PNN – Kamis, 10 Juli 2025. Dalam beberapa waktu terakhir, Indeks Prestasi Kumulatif atau yang biasa disebut IPK mahasiswa di Indonesia tengah menjadi sorotan public. Peningkatan nominal yang tertera pada transkrip nilai yang signifikan menjadi buah bibir di kalangan pengamat-pengamat di industry Pendidikan. Bahkan untuk saat ini mendapatkan IPK diatas tiga koma adalah suatu hal yang lumrah di kalangan para mahasiswa. Perubahan yang signifikan ini menjadi salah satu tolak ukur pesatnya kemajuan bidang Pendidikan di Indonesia.
IPK merupakan indikator penilaian yang diterapkan di kampus-kampus Indonesia dengan skala 4. Berdasarkan Permendikbud No. 3 tahun 2020, IPK menjadi ukuran keberhasilan akademik mahasiswa yang dihitung dari rata-rata tertimbang semua nilai mata kuliah yang telah ditempuh sampai dengan waktu tertentu. IPK seringkali digunakan mahasiswa sebagai patokan dalam keberhasilannya selama belajar di perkuliahan. Tak hanya itu, di sejumlah perusahaan, IPK menjadi salah satu syarat yang digunakan dalam proses kualifikasi.
Transkrip nilai yang dihiasi dengan angka-angka nyaris sempurna kini bukan lagi fenomena langka. Fenomena tersebut disebut dengan “inflasi IPK”, yakni tren kenaikan nilai mahasiswa secara konsisten yang muncul di berbagai perguruan tinggi. Tren kenaikan IPK ini mulai terlihat sejak masa pandemi COVID-19. Beralihnya sistem pembelajaran ke digital diyakini membawa dampak besar.
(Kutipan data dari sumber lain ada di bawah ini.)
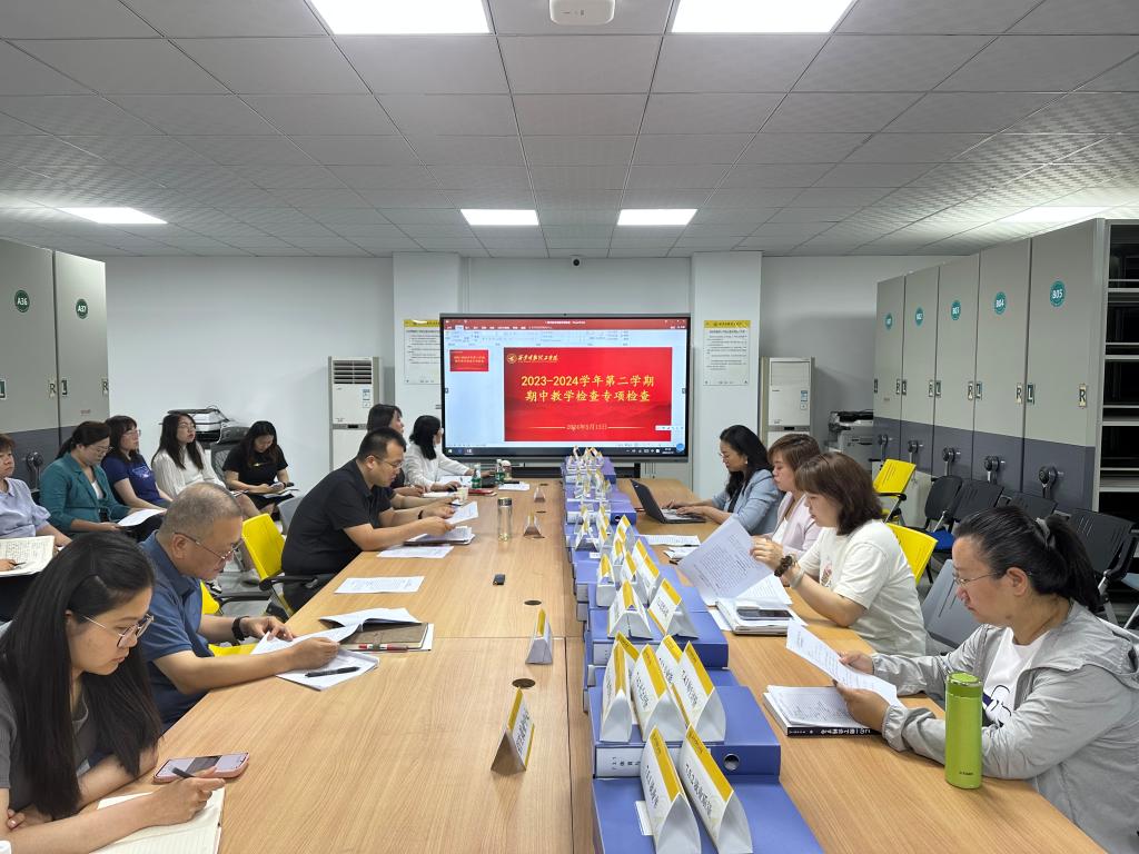 学院副院长柴芸首先从期中教学检查自查情况、合格评估观测点材料完成情况、存在问题及改进措施等方面对学院期中教学检查工作做了详细汇报。副处长任华就教学检查中课堂情况、毕业论文、评教数据、教学文档提交情况等问题进行了反馈。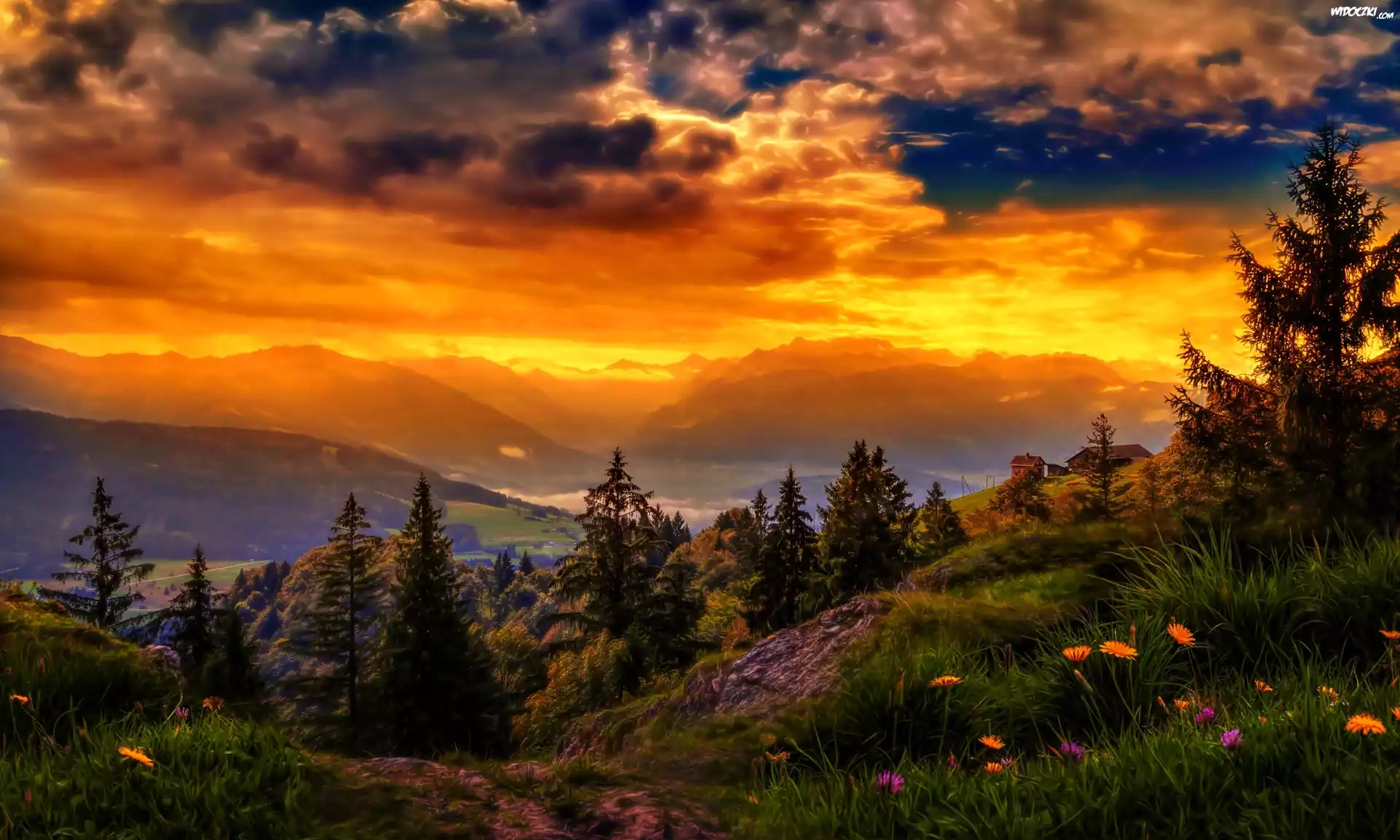 Zdjęcia, Zachód, Słońca, Góry, Drzewa

Korelasi antara nilai akademik dan kemampuan nyata di lapangan tidak selalu sejalan. Salah satu penyebab utamanya adalah standar penilaian yang berbeda-beda antar kampus, bahkan antar dosen.
Pemerintah sebenarnya sudah meluncurkan sistem Merdeka Belajar Kampus Merdeka (MBKM) untuk menjembatani dunia akademik dan industri. Sistem tersebut memungkinkan mahasiswa belajar lewat magang, riset, hingga aktivitas sosial. Namun di lapangan, implementasinya masih jauh dari ideal. Banyak dosen belum dibekali pemahaman mendalam untuk merancang metode belajar dan asesmen yang tepat. Akibatnya, mutu pembelajaran menjadi timpang antar kampus, bahkan dalam satu universitas. Untuk menjaga agar IPK tetap menjadi indikator yang bermakna, pentingnya evaluasi menyeluruh dalam dunia pendidikan tinggi. Monitoring ketat, pelatihan dosen, serta keterlibatan industri dalam asesmen dinilai sebagai kunci reformasi penilaian.